▶ _WORK REQUEST_: Word for word, output the data, with none of its pictures.

── INFORMATION ──

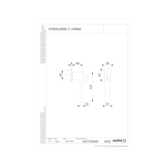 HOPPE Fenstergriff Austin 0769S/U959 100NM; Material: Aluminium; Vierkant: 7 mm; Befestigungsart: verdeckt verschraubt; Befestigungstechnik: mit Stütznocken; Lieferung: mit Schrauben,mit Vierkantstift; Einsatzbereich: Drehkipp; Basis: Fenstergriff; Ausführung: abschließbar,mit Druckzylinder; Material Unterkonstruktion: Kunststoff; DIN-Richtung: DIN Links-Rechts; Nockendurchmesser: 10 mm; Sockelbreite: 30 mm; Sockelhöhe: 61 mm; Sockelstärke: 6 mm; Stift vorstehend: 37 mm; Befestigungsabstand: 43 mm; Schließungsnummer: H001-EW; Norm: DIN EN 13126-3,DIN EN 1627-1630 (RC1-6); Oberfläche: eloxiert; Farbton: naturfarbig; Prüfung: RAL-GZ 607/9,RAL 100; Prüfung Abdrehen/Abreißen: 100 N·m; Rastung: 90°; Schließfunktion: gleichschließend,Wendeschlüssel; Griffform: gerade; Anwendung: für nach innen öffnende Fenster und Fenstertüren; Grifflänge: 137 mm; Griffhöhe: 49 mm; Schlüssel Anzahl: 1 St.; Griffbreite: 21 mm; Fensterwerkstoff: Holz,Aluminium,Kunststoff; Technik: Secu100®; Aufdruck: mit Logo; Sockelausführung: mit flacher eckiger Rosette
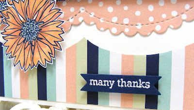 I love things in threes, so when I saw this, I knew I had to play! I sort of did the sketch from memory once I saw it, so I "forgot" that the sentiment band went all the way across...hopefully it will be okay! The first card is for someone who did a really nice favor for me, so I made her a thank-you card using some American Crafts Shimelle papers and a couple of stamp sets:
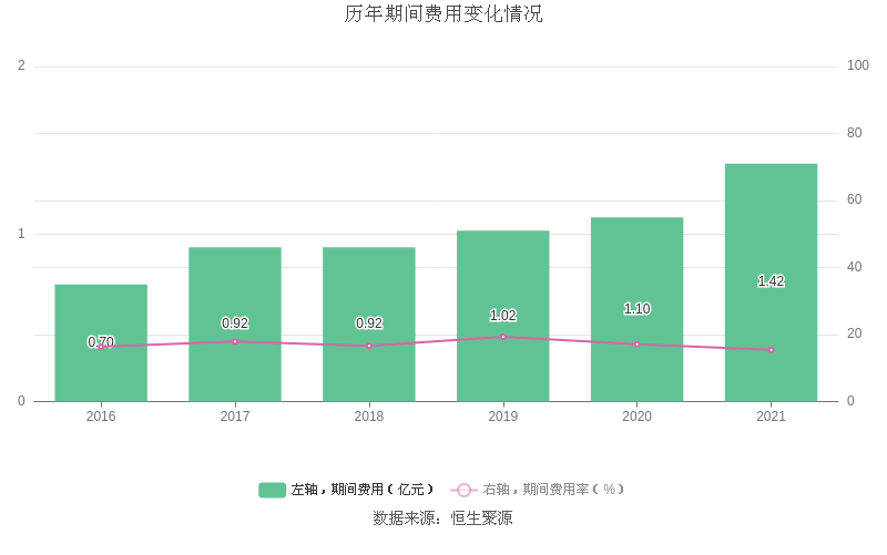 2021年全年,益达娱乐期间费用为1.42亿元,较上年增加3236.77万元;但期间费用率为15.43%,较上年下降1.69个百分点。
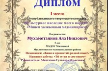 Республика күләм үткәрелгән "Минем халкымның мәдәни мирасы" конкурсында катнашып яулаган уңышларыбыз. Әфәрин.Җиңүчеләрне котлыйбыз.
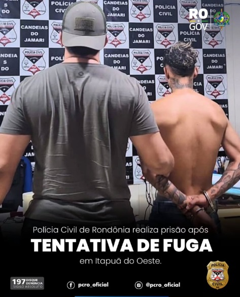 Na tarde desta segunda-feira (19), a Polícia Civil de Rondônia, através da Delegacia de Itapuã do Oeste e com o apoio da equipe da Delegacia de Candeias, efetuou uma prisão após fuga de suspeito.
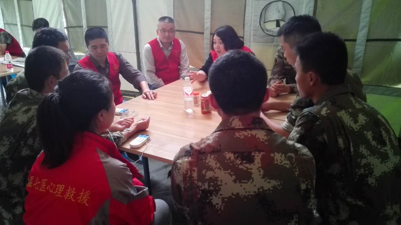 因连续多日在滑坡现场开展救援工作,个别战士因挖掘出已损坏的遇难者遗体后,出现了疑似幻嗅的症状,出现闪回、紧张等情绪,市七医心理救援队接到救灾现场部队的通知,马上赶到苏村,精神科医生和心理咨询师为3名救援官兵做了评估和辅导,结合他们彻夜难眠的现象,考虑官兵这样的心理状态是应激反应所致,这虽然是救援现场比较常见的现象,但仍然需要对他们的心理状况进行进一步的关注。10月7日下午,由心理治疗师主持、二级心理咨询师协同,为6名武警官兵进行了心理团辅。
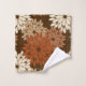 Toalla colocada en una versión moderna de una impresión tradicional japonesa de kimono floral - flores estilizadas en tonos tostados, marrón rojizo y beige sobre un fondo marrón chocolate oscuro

───

▶ _PROBLEM SOLUTION_:
 HOPPE Fenstergriff Austin 0769S/U959 100NM; Material: Aluminium; Vierkant: 7 mm; Befestigungsart: verdeckt verschraubt; Befestigungstechnik: mit Stütznocken; Lieferung: mit Schrauben,mit Vierkantstift; Einsatzbereich: Drehkipp; Basis: Fenstergriff; Ausführung: abschließbar,mit Druckzylinder; Material Unterkonstruktion: Kunststoff; DIN-Richtung: DIN Links-Rechts; Nockendurchmesser: 10 mm; Sockelbreite: 30 mm; Sockelhöhe: 61 mm; Sockelstärke: 6 mm; Stift vorstehend: 37 mm; Befestigungsabstand: 43 mm; Schließungsnummer: H001-EW; Norm: DIN EN 13126-3,DIN EN 1627-1630 (RC1-6); Oberfläche: eloxiert; Farbton: naturfarbig; Prüfung: RAL-GZ 607/9,RAL 100; Prüfung Abdrehen/Abreißen: 100 N·m; Rastung: 90°; Schließfunktion: gleichschließend,Wendeschlüssel; Griffform: gerade; Anwendung: für nach innen öffnende Fenster und Fenstertüren; Grifflänge: 137 mm; Griffhöhe: 49 mm; Schlüssel Anzahl: 1 St.; Griffbreite: 21 mm; Fensterwerkstoff: Holz,Aluminium,Kunststoff; Technik: Secu100®; Aufdruck: mit Logo; Sockelausführung: mit flacher eckiger Rosette
 I love things in threes, so when I saw this, I knew I had to play! I sort of did the sketch from memory once I saw it, so I "forgot" that the sentiment band went all the way across...hopefully it will be okay! The first card is for someone who did a really nice favor for me, so I made her a thank-you card using some American Crafts Shimelle papers and a couple of stamp sets:
 2021年全年,益达娱乐期间费用为1.42亿元,较上年增加3236.77万元;但期间费用率为15.43%,较上年下降1.69个百分点。
 Республика күләм үткәрелгән "Минем халкымның мәдәни мирасы" конкурсында катнашып яулаган уңышларыбыз. Әфәрин.Җиңүчеләрне котлыйбыз.
 Na tarde desta segunda-feira (19), a Polícia Civil de Rondônia, através da Delegacia de Itapuã do Oeste e com o apoio da equipe da Delegacia de Candeias, efetuou uma prisão após fuga de suspeito.
 因连续多日在滑坡现场开展救援工作,个别战士因挖掘出已损坏的遇难者遗体后,出现了疑似幻嗅的症状,出现闪回、紧张等情绪,市七医心理救援队接到救灾现场部队的通知,马上赶到苏村,精神科医生和心理咨询师为3名救援官兵做了评估和辅导,结合他们彻夜难眠的现象,考虑官兵这样的心理状态是应激反应所致,这虽然是救援现场比较常见的现象,但仍然需要对他们的心理状况进行进一步的关注。10月7日下午,由心理治疗师主持、二级心理咨询师协同,为6名武警官兵进行了心理团辅。
 Toalla colocada en una versión moderna de una impresión tradicional japonesa de kimono floral - flores estilizadas en tonos tostados, marrón rojizo y beige sobre un fondo marrón chocolate oscuro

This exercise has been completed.